Assignment — In the entries below, begin at the line that has "高さやジャック外径などが合わないと取り付けできないので、市販品がこの手のアンプに取り付けられるのは比較的珍しいです。 | |" and stop after the line that has "ОТВЕТ на задание"; output those lines exactly, leaving out pictures.

Data —
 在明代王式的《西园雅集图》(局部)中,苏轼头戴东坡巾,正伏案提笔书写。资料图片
* * *
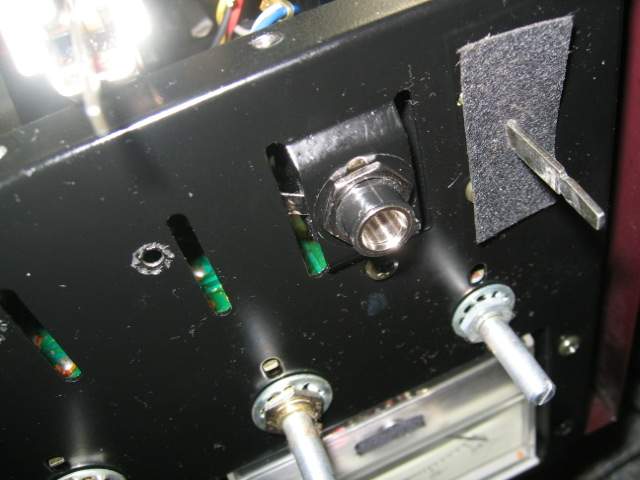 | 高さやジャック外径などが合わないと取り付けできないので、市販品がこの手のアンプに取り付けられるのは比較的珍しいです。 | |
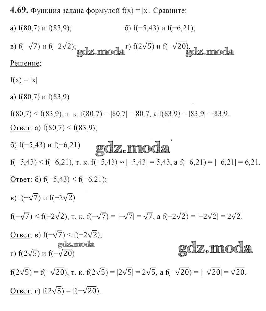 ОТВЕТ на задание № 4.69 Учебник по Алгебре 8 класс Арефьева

Your response —
 | 高さやジャック外径などが合わないと取り付けできないので、市販品がこの手のアンプに取り付けられるのは比較的珍しいです。 | |
 ОТВЕТ на задание № 4.69 Учебник по Алгебре 8 класс Арефьева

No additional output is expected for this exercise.